**WORK ORDER:**
Exactly the lines from the one containing "Easy Installation: No" through the end of the records must be reproduced; leave out all pictures.

**MATERIAL FOR THE TASK:**
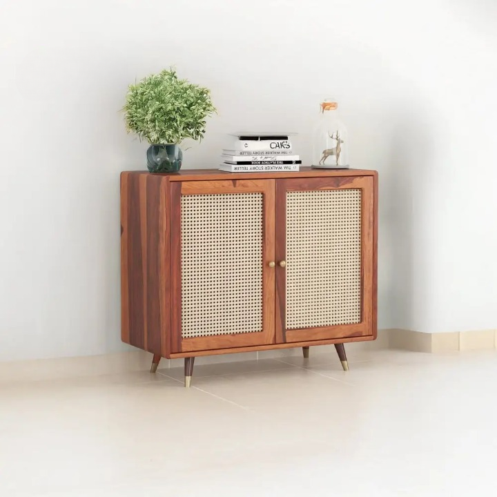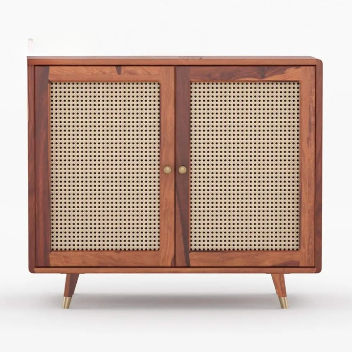 Acacia Wood Cane Cabinet 2 Door – Natural Finish
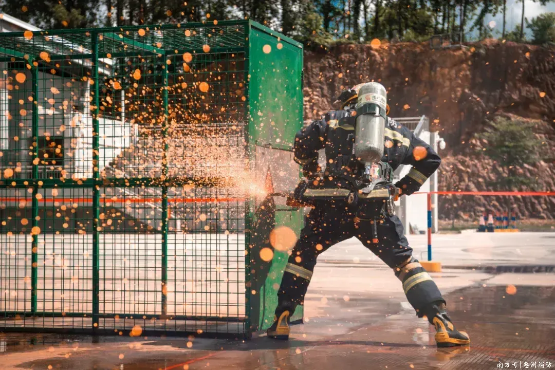 在一次消防手段比武中,又名消防员身披防守装备,背使气瓶,进行切割破拆,四溅的火花似金色雨点上升。这刹那间,不仅是手段的淬真金不怕火,更是看护生命的誓词。
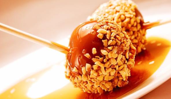 3. Odstranite peteljke iz jabuka i zabodite štapić. Umočite svaku jabuku u karamel i okrenite da se sos nanese ravnomerno. Pospite seckanim lešnikom, a zatim poslasticu prebacite na papir za pečenje.
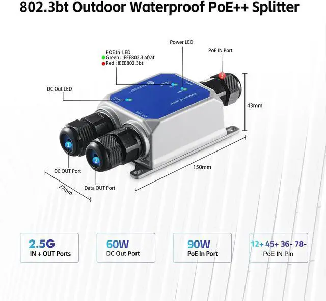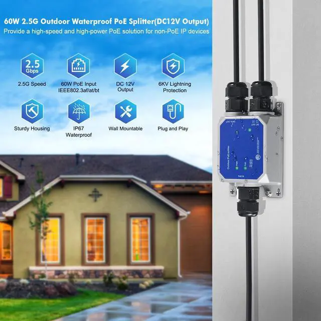 Easy Installation: No need for additional power adapter, powered by POE network. LED indicator, Meta case, support wall mount, small size, save space, suitable for more positions. Separate the data and 12V power supply from the POE network to connect to devices, such as cameras, APs, etc.
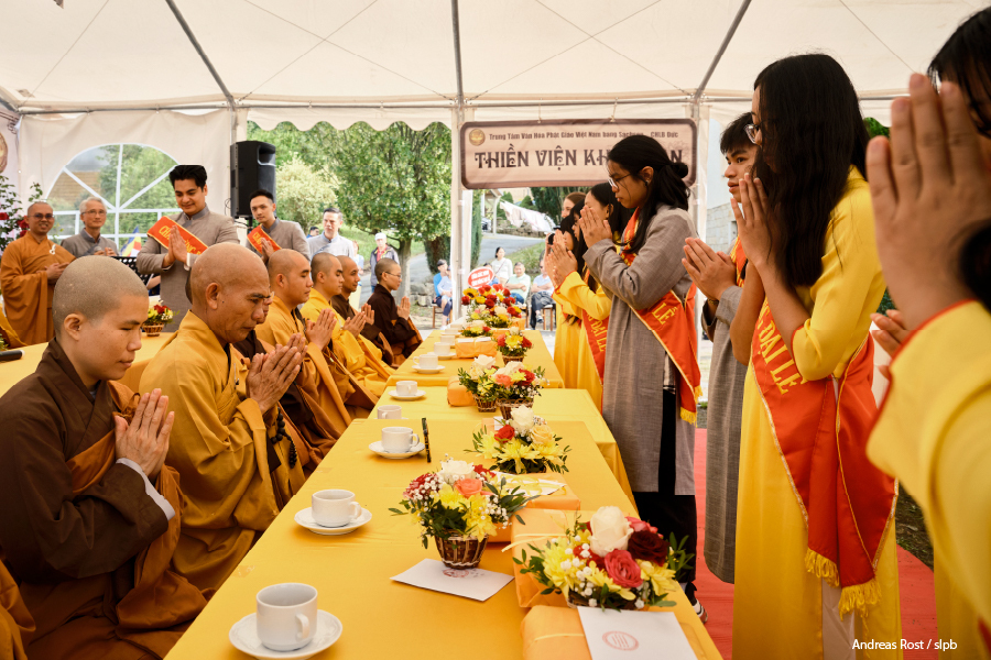 Festlich gedeckte Tafel zu Ehren der Nonnen und Mönche bei der Einweihung des buddhistischen Tempels in Bad Gottleuba-BerggießhĂŒbel. 2023

**WRITTEN RESPONSE:**
 Easy Installation: No need for additional power adapter, powered by POE network. LED indicator, Meta case, support wall mount, small size, save space, suitable for more positions. Separate the data and 12V power supply from the POE network to connect to devices, such as cameras, APs, etc.
 Festlich gedeckte Tafel zu Ehren der Nonnen und Mönche bei der Einweihung des buddhistischen Tempels in Bad Gottleuba-BerggießhĂŒbel. 2023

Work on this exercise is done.